(REQUIRED ACTION): Only the lines from the line with "红河州行政区划图,制图@《中国自驾地理》" through the end of the records belong in your reply, copied exactly, with every picture left out.

[INPUT DATA Boundary: Start]

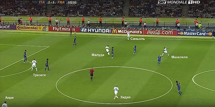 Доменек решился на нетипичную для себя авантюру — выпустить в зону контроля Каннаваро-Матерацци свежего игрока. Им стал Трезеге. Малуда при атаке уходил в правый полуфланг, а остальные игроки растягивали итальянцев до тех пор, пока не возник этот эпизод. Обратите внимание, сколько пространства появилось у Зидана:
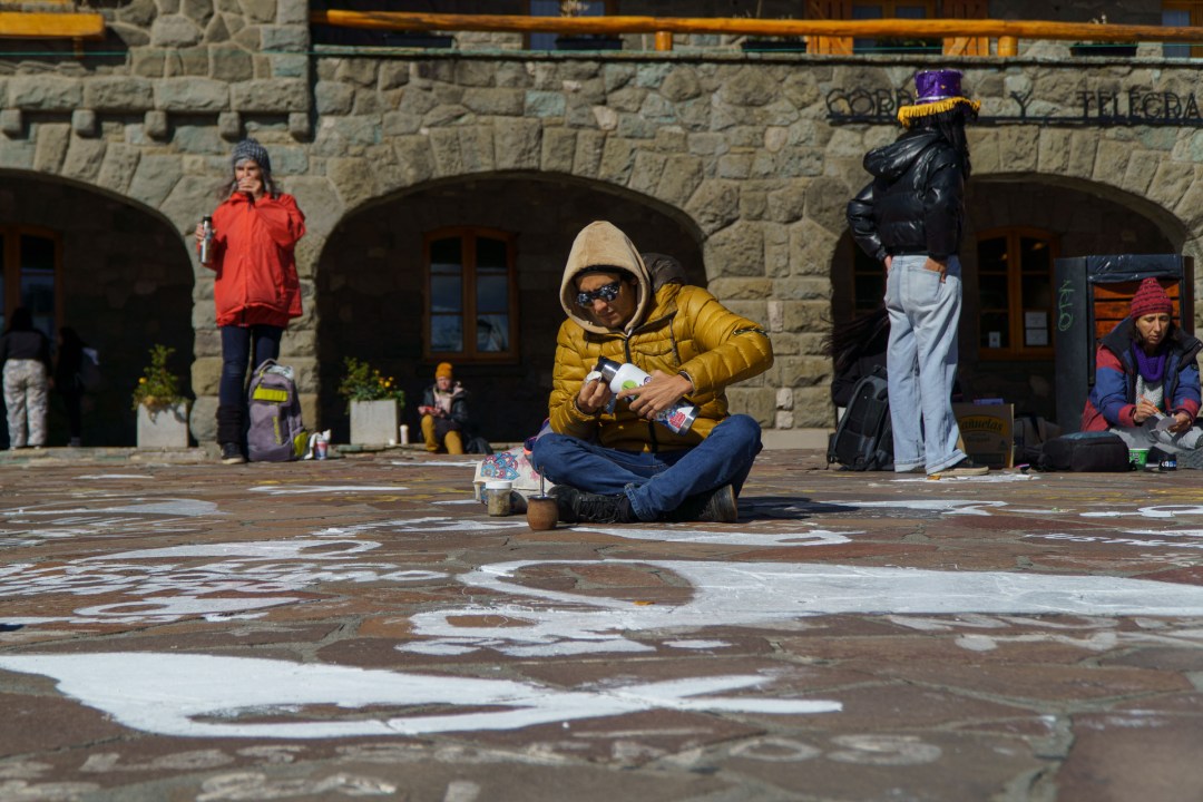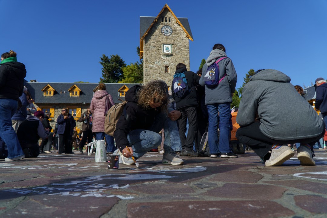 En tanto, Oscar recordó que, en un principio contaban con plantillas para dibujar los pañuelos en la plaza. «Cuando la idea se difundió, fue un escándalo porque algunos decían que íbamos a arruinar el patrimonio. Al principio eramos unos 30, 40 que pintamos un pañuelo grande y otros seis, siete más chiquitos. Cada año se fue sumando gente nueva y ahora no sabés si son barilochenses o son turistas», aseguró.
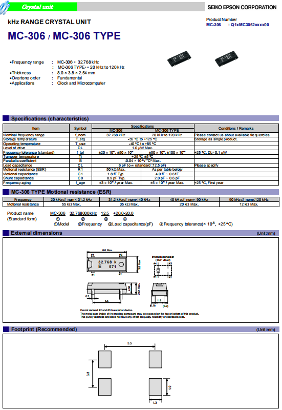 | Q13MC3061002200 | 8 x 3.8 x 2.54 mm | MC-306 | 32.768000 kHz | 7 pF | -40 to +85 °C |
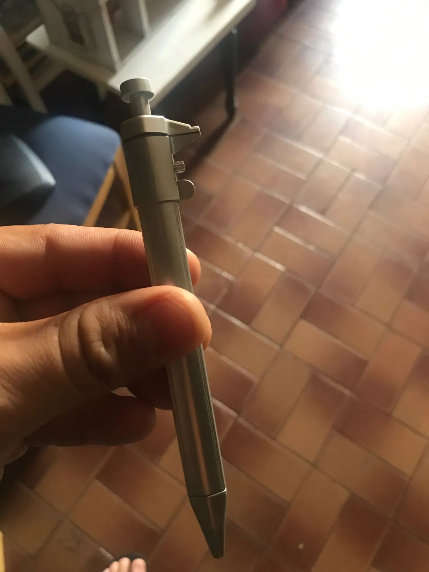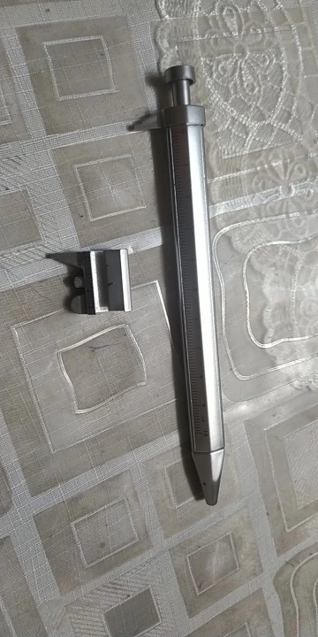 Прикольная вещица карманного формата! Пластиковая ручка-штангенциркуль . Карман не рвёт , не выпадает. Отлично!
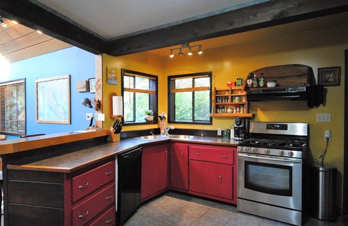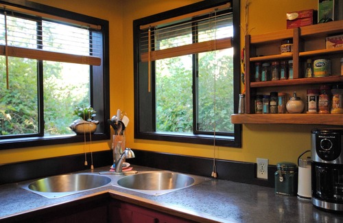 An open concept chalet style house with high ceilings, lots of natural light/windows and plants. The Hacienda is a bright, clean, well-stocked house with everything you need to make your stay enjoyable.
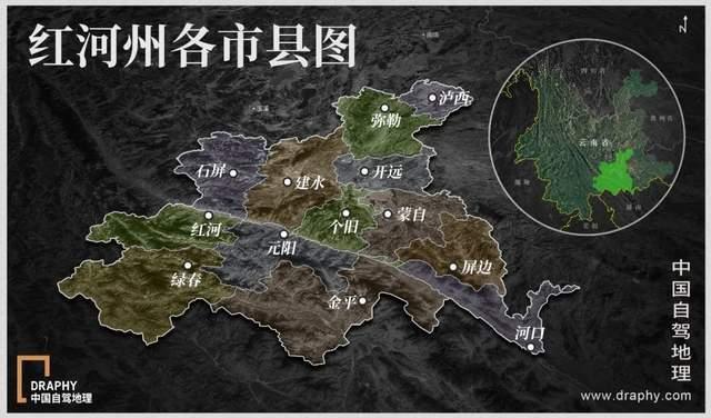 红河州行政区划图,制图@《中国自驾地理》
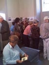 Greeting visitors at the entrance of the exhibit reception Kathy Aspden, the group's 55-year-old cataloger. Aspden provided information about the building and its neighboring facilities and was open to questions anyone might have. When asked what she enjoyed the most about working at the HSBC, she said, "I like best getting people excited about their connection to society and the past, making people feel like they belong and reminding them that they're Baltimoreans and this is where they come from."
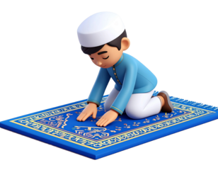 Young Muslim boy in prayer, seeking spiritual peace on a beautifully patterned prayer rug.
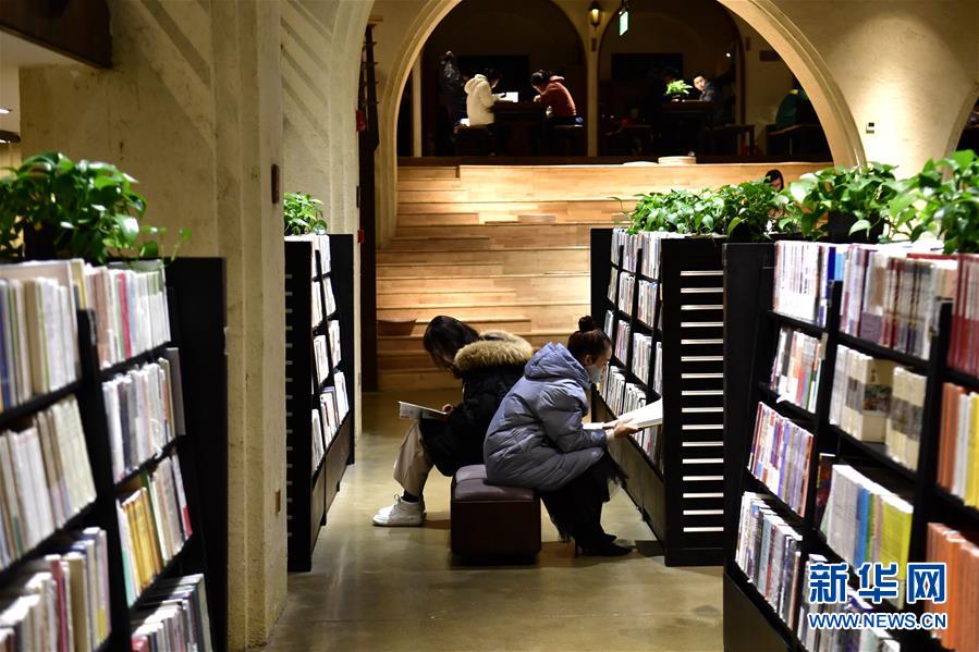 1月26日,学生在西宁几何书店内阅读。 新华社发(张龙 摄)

[INPUT DATA Boundary: End]

(EXPECTED OUTPUT):
 红河州行政区划图,制图@《中国自驾地理》
 Greeting visitors at the entrance of the exhibit reception Kathy Aspden, the group's 55-year-old cataloger. Aspden provided information about the building and its neighboring facilities and was open to questions anyone might have. When asked what she enjoyed the most about working at the HSBC, she said, "I like best getting people excited about their connection to society and the past, making people feel like they belong and reminding them that they're Baltimoreans and this is where they come from."
 Young Muslim boy in prayer, seeking spiritual peace on a beautifully patterned prayer rug.
 1月26日,学生在西宁几何书店内阅读。 新华社发(张龙 摄)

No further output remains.